Vorgestellt werden neben Stiftungen aus Rostock, Greifswald, Stralsund, Güstrow, Schwerin, Neustrelitz, Neubrandenburg und Ludwigslust auch Initiativen aus kleineren Orten wie Brüel, Pasewalk und Rattey. Wismar ist mit zwei Stiftungen vertreten.

  • Bereits im Jahr 1497 hatten der Ratsmann Hinrick Swartekop und sein Kollege Berthold Nigemann - nach einer Erbschaft - verfügt, dass sich in einem "Gasthaus für Arme" in der Baustraße um mittellose Menschen gekümmert und jährlich eine bestimmte Menge an Kohlen, Speck und Erbsen gespendet wird. Die Stiftung nutzte später einen vom Architekten Helmuth Brunswig entworfenen und 1872/1873 errichteten massiven Neubau. Heute beherbergt das Haus eine Wohngruppe für Menschen mit psychischen Erkrankungen.

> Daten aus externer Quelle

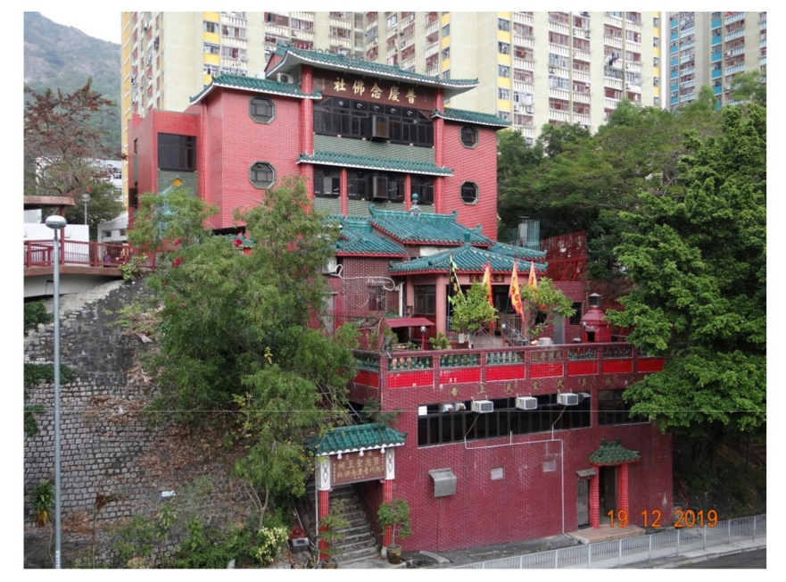
LR3.26 CHIU CHOW PO HING LIN FAT SHE

  • Der Geheime Kammerrat Theodor Friedrich von Smith, der 1750 in das schwedisch besetzte Wismar geflohen war, schuf Stiftungen, die 200 Jahre lang an seine Weitsicht und Großzügigkeit erinnerten. Smith verfügte die Einrichtung einer akademisch ausgerichteten Stiftung sowie eines Wohltätigkeitsinstituts, das Witwen und bedürftigen Schulkindern half. Die akademische Stiftung vergab Stipendien, unter anderem an den Wismarer Abiturienten Friedrich Christoph Dahlmann. Dieser bekleidete später in Göttingen und Bonn eine Professur für Geschichte und Staatswissenschaften. Dahlmann gilt als "Vater der deutschen Verfassung" von 1849.

Jacqueline Bernhardt möchte die Arbeit der bestehenden Stiftungen mit Besuchen würdigen. Ihre Tour zu mehr als einem Dutzend Stiftungen führt sie im Juli und August 2024 durch das gesamte Bundesland. Die Ministerin wird in Wismar starten.